- Born: 21 March 1917 Warsaw, Poland
- Died: 19 February 1993 (aged 75) Łódź, Poland
- Occupation: Pediatrician
- Spouse: Władysław Świdowski (died before her)
- Children: 2

= Adina Blady-Szwajger =

Polish pediatrician and Holocaust survivor (1917–1993)

Adina Blady-Szwajger (21 March 1917 – 19 February 1993) was a Polish pediatrician and Holocaust survivor who worked at the children's hospital in the Warsaw Ghetto during World War II. She later became known for her memoir I Remember Nothing More: The Warsaw Children’s Hospital and the Jewish Resistance, in which she recounted her experiences under Nazi occupation.

== Warsaw Ghetto and wartime activities ==
Blady-Szwajger studied medicine at the University of Warsaw before the German invasion of Poland.
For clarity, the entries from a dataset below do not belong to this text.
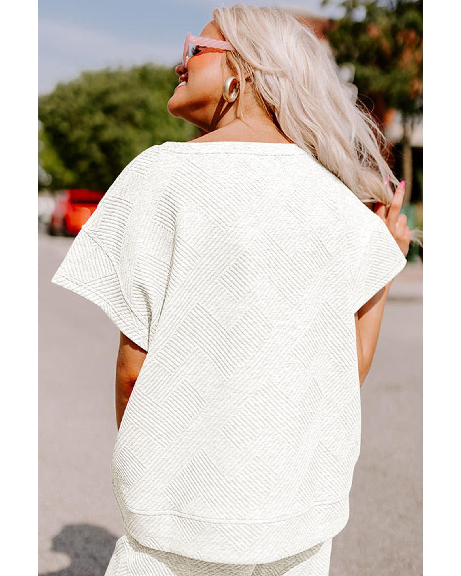 - Bright white textured loose fit t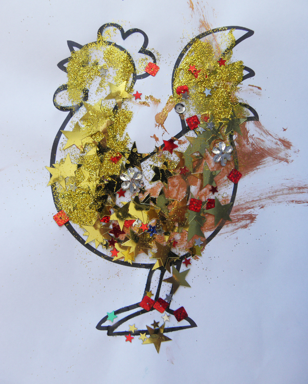 Для Лизы покрасить-посыпать блестками заготовку Петушка, уж очень любит это дело с посыпаниями блестками! Потом конечно пылесос мне в руки...: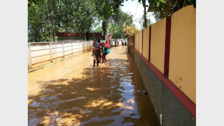 കഴിഞ്ഞദിവസം പെയ്ത ശക്തമായ മഴയിലാണ് റോഡില് വെള്ളം കയറിയത്. മുന്പ് വെള്ളം ഒഴുകിപോകുന്നതിന് സൗകര്യം ഉണ്ടായിരുന്നു. എന്നാല് പഞ്ചായത്തിന്റെ നവീകരണ പദ്ധതികളുടെ ഭാഗമായി റോഡിന് ഇരുവശവും കോണ്ക്രീറ്റ് ചെയ്തോടെ റോഡില് വെള്ളക്കെട്ട് രൂപപ്പെടുകയായിരുന്നു.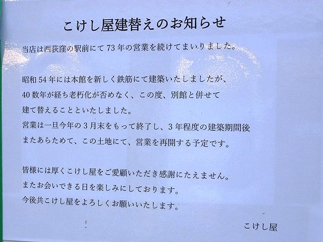 社番:E829.2022年12月東京都杉並区「荻窪二丁目」交差点で記録。 せっかくなので、2020年12月に更新した三菱ふそうMKノンステップ車の画像も並べておきます。やはりこの車両も「こけし屋」の看板はありません。 ちなみに「こけし屋」の広告看板が無くなったのは、2022年3月に閉店したため。 お店があった西荻窪駅近くへ行ってみると・・・。 「こけし屋」建築工事の図。2022年12月に記録。 建物は無くなっており、建設工事を待つばかりという感じでした。 新たな建物での営業再開を楽しみにしたいと思います。 あわせて関東バスへの広告看板出稿もお願いしたいところです。 ***** ***** ***** さて、今回で2022年の更新は終了いたします。本年もご覧頂きありがとうございました。 2022年は更新に際し、その月に記録したものをメインにする以外に、同じメーカーの車両を続けて更新しない、一度メインで並べた型式の車両は年内使えない、一度メインで並べた事業者は年内使えないなど、いくつかの追加ルールを課してみました。9月に京王バスの画像を並べていたので、京王クリスマスバスが復活していたらルール達成ならずでしたが、結果的にセーフ。自己満足でしかありませんが、2022年に目標を達成することが出来た数少ない成功例となりました。なので今回わざわざ書いてみました。 それでは、皆様よいお年をお迎えください。 PR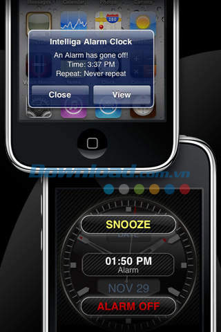 Intelliga Alarm Clock hỗ trợ iPhone, iPad và iPod Touch chạy hệ điều hành iOS 3 hoặc iOS 4.

When the Nazis created the Warsaw Ghetto, she worked in the Bersohn and Bauman Children's Hospital located in the ghetto. Under desperate conditions she treated young patients suffering from starvation, typhus, and tuberculosis.

As deportations intensified in 1942–43, Blady-Szwajger described giving fatal doses of morphine to terminally ill children to spare them from deportation to extermination camps. After the hospital was closed by the Nazis, she escaped the ghetto with forged identity papers and joined the Polish resistance movement.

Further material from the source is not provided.